Abstract
INTRODUCTION
The behavioral and cognitive features of the leucine-rich repeat kinase G2019S mutation in Parkinson’s disease in the Ashkenazi Jewish population are not well described; therefore we sought to more systematically characterize these features using a semi-structured psychiatric interview and neuropsychological testing.
METHODS
Twenty-one Ashkenazi Jewish patients having the leucine-rich repeat kinase G2019S mutation were compared with age, sex and gender matched Ashkenazi Jewish Parkinson’s disease patients without mutations.
RESULTS
While overall rates of affective disorders were not greater in mutation carriers, the carriers exhibited a six-fold increased risk of pre-morbid affective disorders (OR 6.0, p=0.10) as determined by the Structured Clinical Interview for the Diagnostic and Statistical Manual of Mental Disorders–IV. Of interest, we identified two leucine-rich repeat kinase carriers with bipolar disorder; no mutation negative subjects had this diagnosis. Performance on the Hopkins Verbal Learning Test- Revised, Judgment of Line Orientation, and Frontal Assessment Battery was consistent with previous reports and did not differ between groups.
DISCUSSION
Study findings suggest a possible association between pre-morbid mood disorders and leucine-rich repeat kinase Parkinson’s disease warranting further evaluation.

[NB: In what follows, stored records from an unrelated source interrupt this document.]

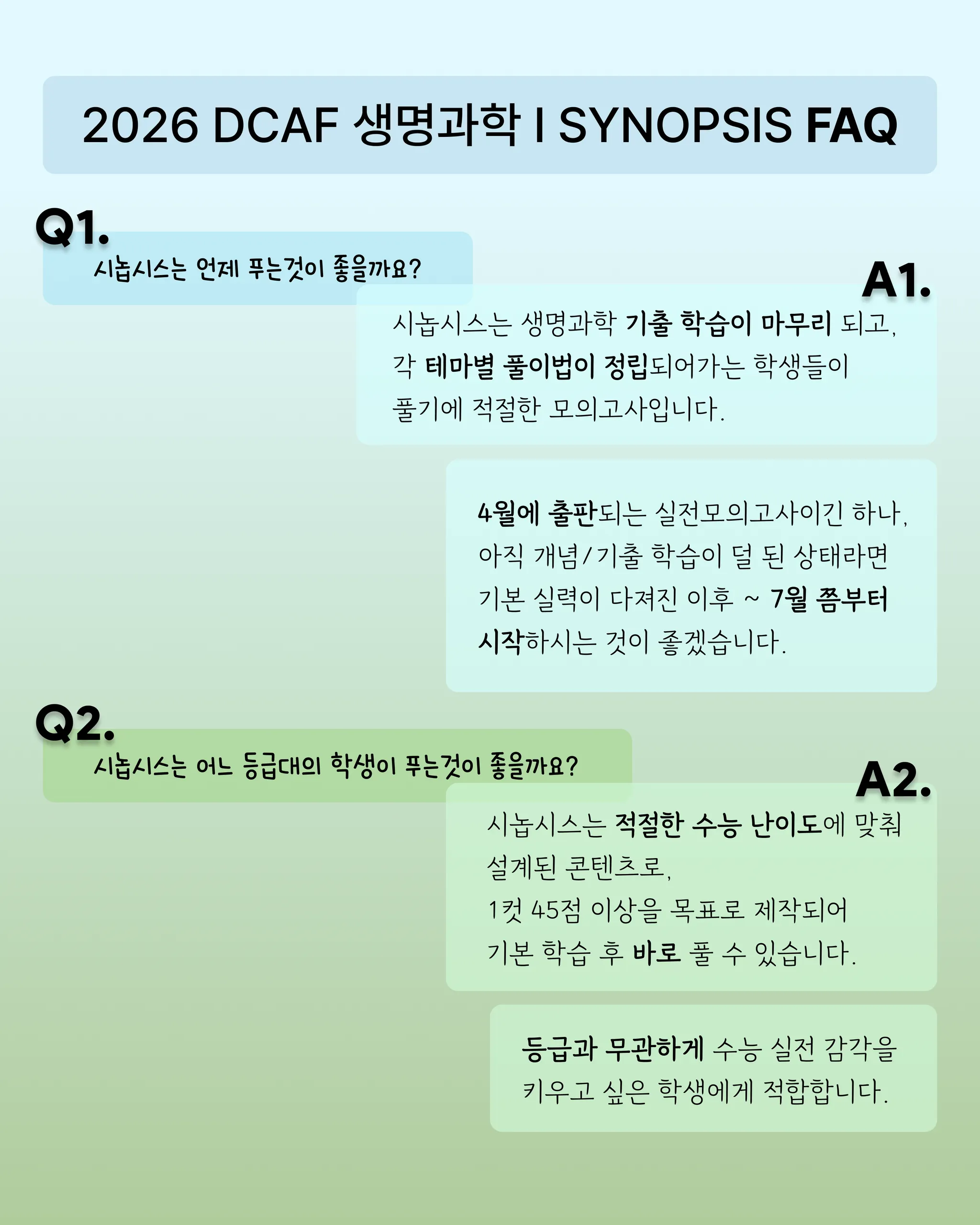 2026 DCAF 생1 모의고사 8종 상세 설명
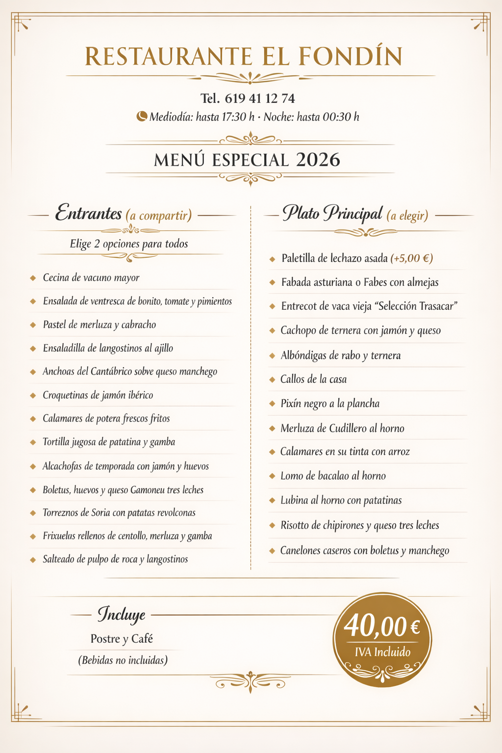 Cuando el grupo lo merece, el espacio también. A partir de 26 personas podéis reservar el comedor completo y tener El Fondín solo para vosotros, hasta un máximo de 35 comensales. Más cómodo, más íntimo y pensado para disfrutar sin prisas.
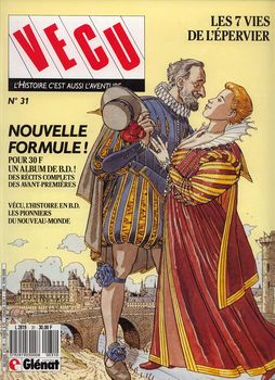 remarques: | 7 fascicules du no 29 (septembre 1987) au no 35 (janvier 1989) avec comme bandes principales: - chroniques de la maison Le Quéant (Jusseaume) - tours de Bois-Maury, Reinhard (Hermann) - la fortune des Fugger (Giroud) - le voyage du bateleur (Autheman) - de silence et de sang (Malès) - Milosz, Saint-Petersbourg (Cordonnier) - Timon des Blés, les insurgents (Arnoux) - les veines de l'Occident (Boilet) ce no 29 est un fascicule géant où tous les épisodes se terminent pour annoncer un nouveau format et Vécu passe en magasine bimestrielle, c'est la première fois que nous avons un récit complet en couleur, et il y a une particuliarité dans ce numéro de Vécu: une histoire courte dont le titre est: la Révolution, enfin écrite par D.Bardet et dessinée par P.Jusseaume qui commence par le dessin d'une magnifique maison avec une tour et quelques pages plus loin (page 27) vous trouvez le même batiment dessiné par Y. Swolf dans la série Dampierre l'Aube noire; il semble que les dessinateurs travaillent avec les même bases de données photos bandes principales de ce nouveau format: - la Révolution, enfin (Dethorey) - les aventures de Giacomo (Griffo) - Dampierre, l'aube noire (Swolfs) - les 7 vies de l'épervier, Hyronimus (Juillard) - les pionniers du Nouveau Monde (Charles) - Rebecca, une question de nez (Brandoli) - les héritiers du soleil (Convard) - les aigles décapités (Kraehn) - poupée d'ivoire (Franz) - Margot, l'enfant bleue (Son) >> un nouveau format assez bien réussi annexes les meilleures couvertures |
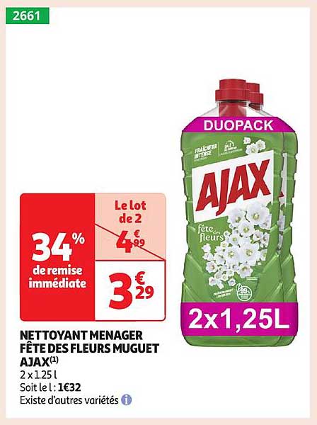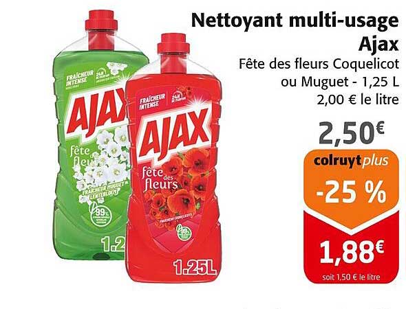 Promo Nettoyant Menager Ajax 1.25 L chez Rural Master Les indications ci-dessus sont données à titre d'information. AJAX Nettoyant liquide multi-surfaces fête des fleurs fraîcheur muguet 1,25l ... Nettoyant ménager. Provoque une sévère irritation des yeux. Tenir hors de... Ajax Vitre Nettoyant Ménager Sol Et Multi Surfaces Fête Des Fleurs Fraîcheur Produit Sol AJAX – Fête des fleurs Fraîcheur Muguet – Produit Ménager Sol & Multi Surfaces – À Utiliser Pur ou Dilué pour le Ménage de Toute la Maison – Sans Rinçage – Nouvelle Formule Écoresponsable – 1,25 L PRODUIT MÉNAGER POUR TOUTE LA MAISON : Ajax Fête des Fleurs est un produit ménager liquide, polyvalent et efficace, à utiliser pur pour désincruster les taches difficiles ou... Elles ne sont pas forcément exhaustives et ne sauraient se substituer aux informations figurant sur l'emballage du produit qui font seules foi, et auxquelles vous êtes invités à vous reporter, notamment en cas d'intolérance alimentaire., Le bidon de 1,25L

Keywords: Parkinson’s disease, LRRK2, Mood, Depression, Cognition
INTRODUCTION
Parkinson’s disease is the second most common neurodegenerative disorder1 and its diagnostic criteria include the hallmark motor signs of bradykinesia, rest tremor, rigidity and postural instability2. In practice, the clinical presentation and course of the disease is heterogeneous with variability in onset, progression, and severity of motor and non-motor symptoms. The basis for this variation in Parkinson’s disease phenotype is unknown but thought to be due to environmental and genetic factors3–7. One of these genetic factors is the leucine-rich repeat kinase 2 gene at the PARK8 locus8, 9. At least eight pathogenic LRRK2 mutations have been identified10, 11 and the G2019S mutation is common in certain PD populations, including Ashkenazi Jews; 10–18% of unselected Ashkenazi PD patients and 30% of those with a PD family history are reported to harbor the mutation 12–14.

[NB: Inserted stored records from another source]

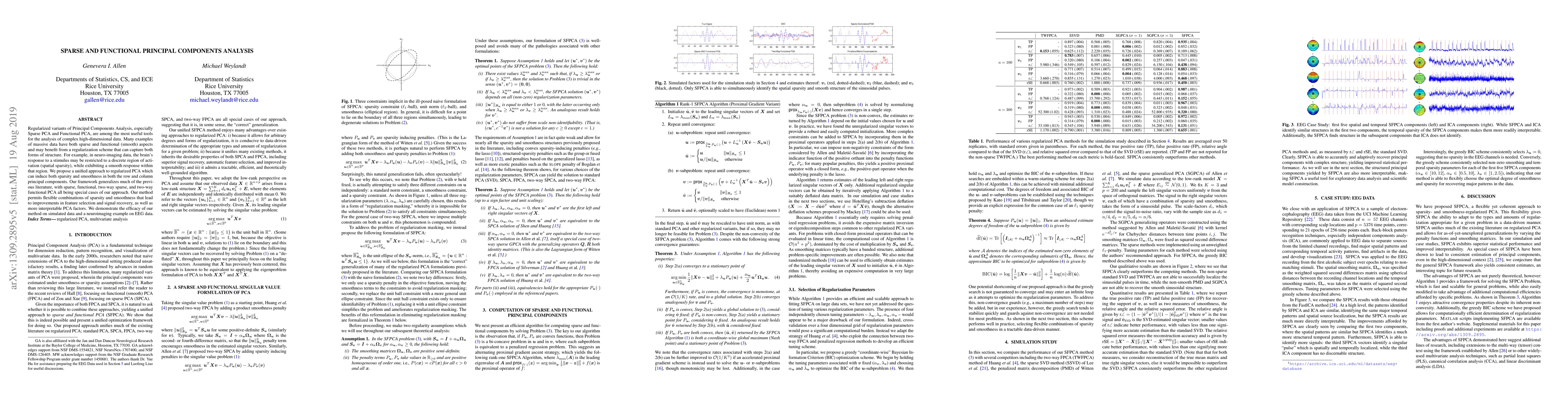 This paper proposes a unified approach for regularized PCA that can induce both sparsity and smoothness in principal components, generalizing previous methods. The method improves feature selection and signal recovery, and is demonstrated on simulated data and EEG neuroimaging data.
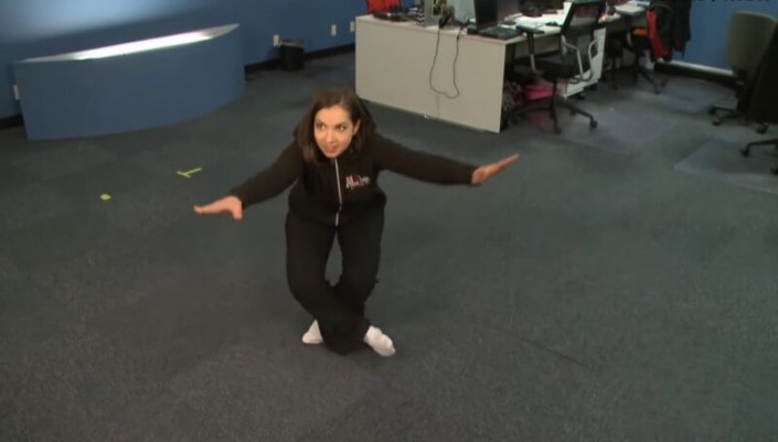 Из этой позиции начните медленно садиться. Нельзя помогать себе руками, коленями или как-то еще, также нельзя просто плюхаться на пятую точку, это считается за ошибку. Если вы все же используете опору, то теряете один балл. Если вам удалось сесть таким образом, но вам сложно удержать баланс, отнимается полбалла.
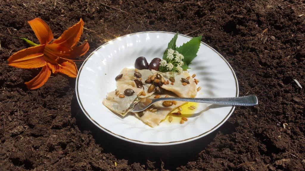 In this recipe, almost all the ingredients are spermidine-rich: the spelled whole grain flour for the pasta dough, the bug beans, the weeds and the pumpkin and sunflower seeds for the garnish. A refreshing leaf salad would also be spermidine-rich.
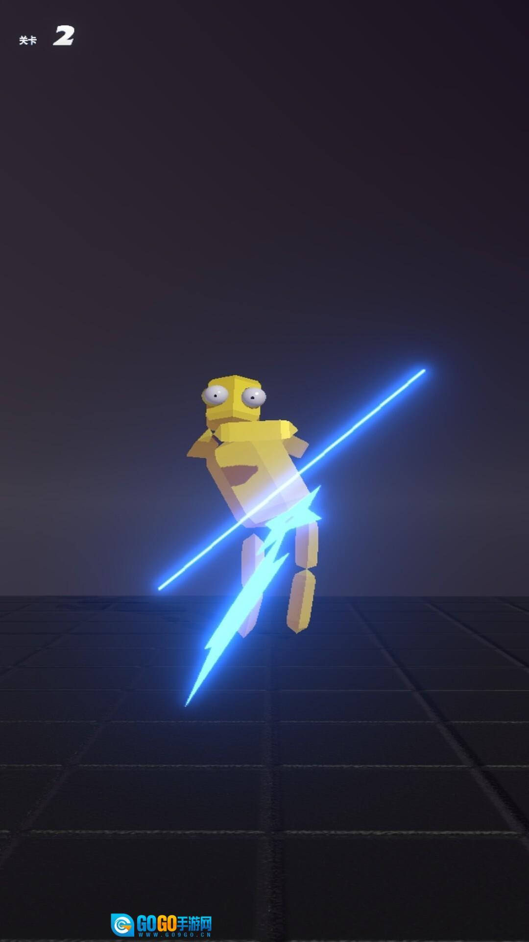 1. 这是一款以高速滑动为核心玩法的动作闯关游戏,玩家需要发射飞镖来攻克前方由黄色布娃娃机器人把守的关卡。
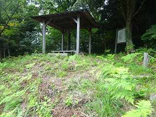 尾根を進んで行ったところには東屋があり、そこにも案内板が設置されていた。遊歩道が設置されているのはここまでであった。現地案内板の図を見てみると、遺構は山稜状に広く展開しているようだが、こちらは基本的に尾根だけであり、案内板の通りの城域の範囲であったのかどうかは疑わしい。
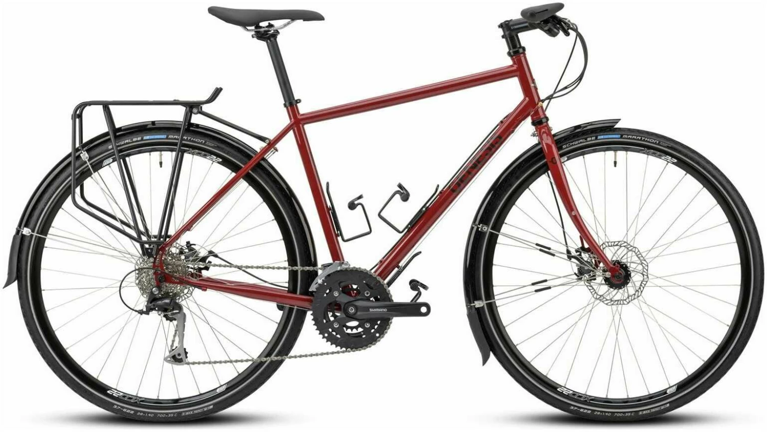 volume, puncture resistant Schwalbe Marathon tyres, tough 36H wheelset, powerful, controlled disc brakes, Tubus
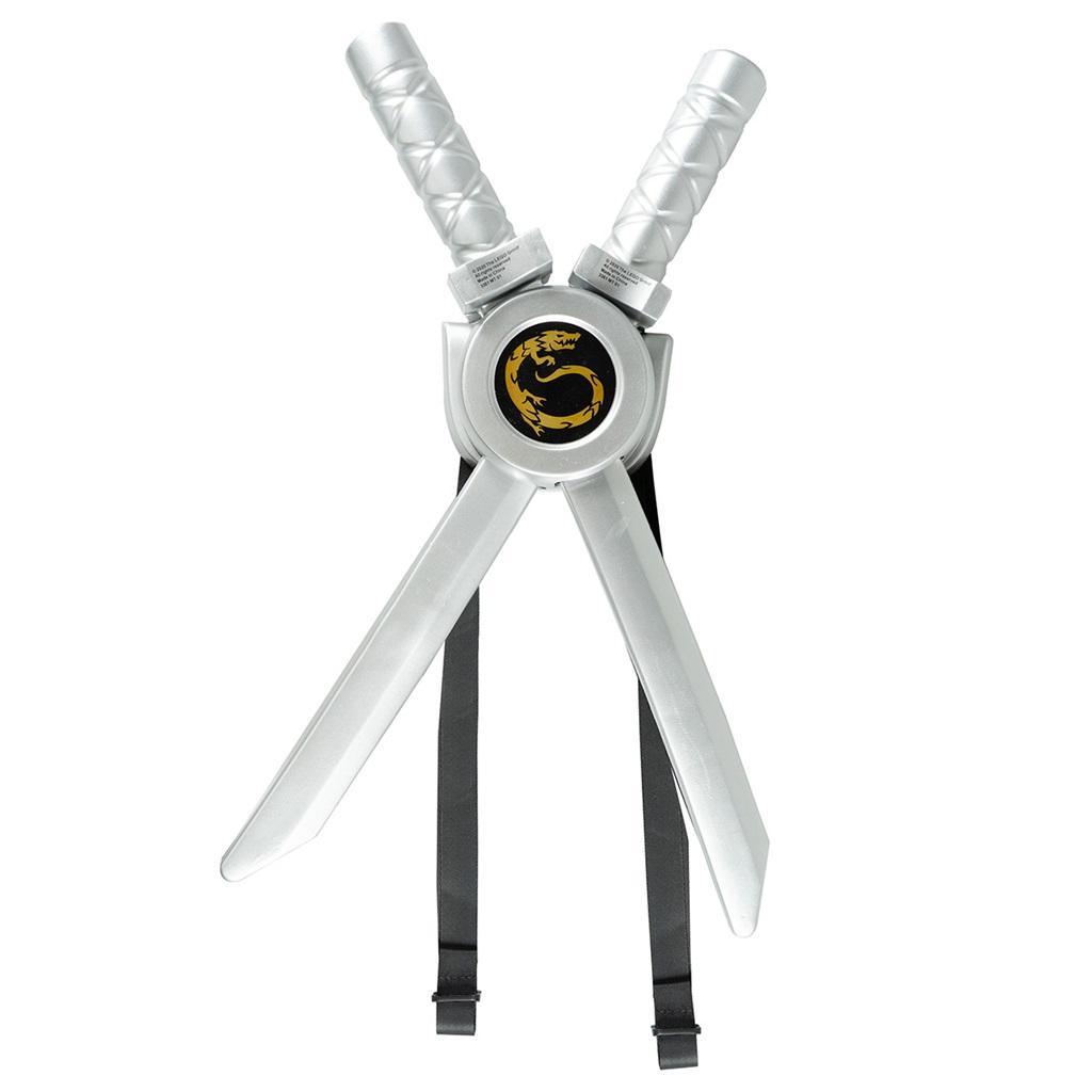 Zestaw dwóch mieczy Ninjago w kolorze srebrnym, wykonane z tworzywa sztucznego. Możliwość noszenia mieczy na plecach. Do zestawu dołączono kaburę na szelkach mieszczącą dwa miecze. Oryginalny produkt licencjonowany. Element kostiumu Ninjago lub osobne akcesorium na zabawy karnawałowe, bal przebierańców, przyjęcie urodzinowe.

Studies on the clinical expression of G2019S and whether it differs from idiopathic PD are conflicting. Several early studies suggested LRRK2 PD is indistinguishable from sporadic or idiopathic PD 15, 16. An analysis of a large combined multinational cohort, however, found that patients with LRRK2 mutations had a more benign course with a lower rate of falls, slower progression, less cognitive decline and less olfaction loss17. Other studies have identified a more severe disease course with higher UPDRS scores, more dyskinesias, higher dosages of dopaminergic medication, a greater likelihood of the postural instability and gait difficulty phenotype, and greater cognitive impairment 18–21.
The behavioral aspects of LRRK2 are even less well established. One Italian study18 found a high frequency of depression, anxiety and irritability in LRRK2 carriers while another study22 did not find higher rates of depressive symptoms in carriers than non-carriers. In a small single family study, unaffected carriers had similar rates of depression as measured on the Beck depression inventory- second edition (BDI-2) as non-carriers23. All of these studies assessed current, rather than lifetime, psychiatric symptoms.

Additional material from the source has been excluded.